Yes this is exactly what I'm doing. I isolated the actual math question, and then sent it to my two servers to process and that's what's taking 10m+ to return. I'm asking them to solve the question and return the full answer along with their steps. I care about correctness so taking time is okay but I can't use 10m per solution.
I saw your heat comments about the RTX 6000 Pro as well. I bought a few of them recently and I'm running 2 of them in a 2U case in a colo. You need a lot of active airflow to keep them cool. Mine range from 23 C to 80 C.
After my last run, I'm going to wait for the new case I ordered to come in and cannibalize my kid's PC that we built beginning of this year to form an entirely separate computer. And then figure out better ways to deal with the heat, especially with summer coming up. I'll have to play around with undervolting and running vents directly outside my house to see if that helps.

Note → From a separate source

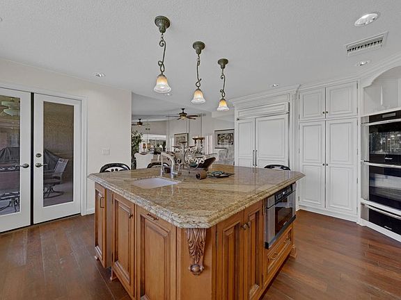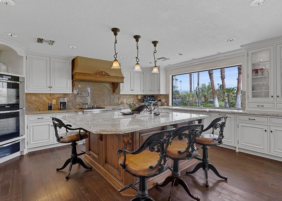 One of the most sought-after locations, corner lot with north/west mountain views overlooking a pool/spa and green fairways. Walking distance to the clubhouse and fitness center! Custom open concept kitchen with granite counter tops, new cabinets and high-end appliances - Thermador cook-top, Dacor double oven, Miele dishwasher. In addition, over-sized kitchen window, large kitchen island, wood floor and built-in refrigerator. Custom french doors at the home's rear elevation lead to a large covered terrace and extended patio. The 3rd garage addition with tile floors, tankless hot water heater and extra storage cabinets are a huge plus! This home is a must see.

But the trend here is interesting. I think by 2030 you'll be able to buy fairly cheap hardware that is currently $10k+. I don't know what this does to the trillions invested in AI data centers because the next NVidia architecture after Blackwell will essentially half the value of purchased cards overnight.
I'm not convinced Apple has yet pivoted the Mac Studio line towards this market and the expected M5 Ultras in Q3 2026 will likely be an incremental improvement rather than big leap forward but I'd like to be proven wrong.
I feel that the open weight models pale in comparison to the frontier models, and I believe that if the gap closes quickly, that the open weight vendors will stop releasing it for free.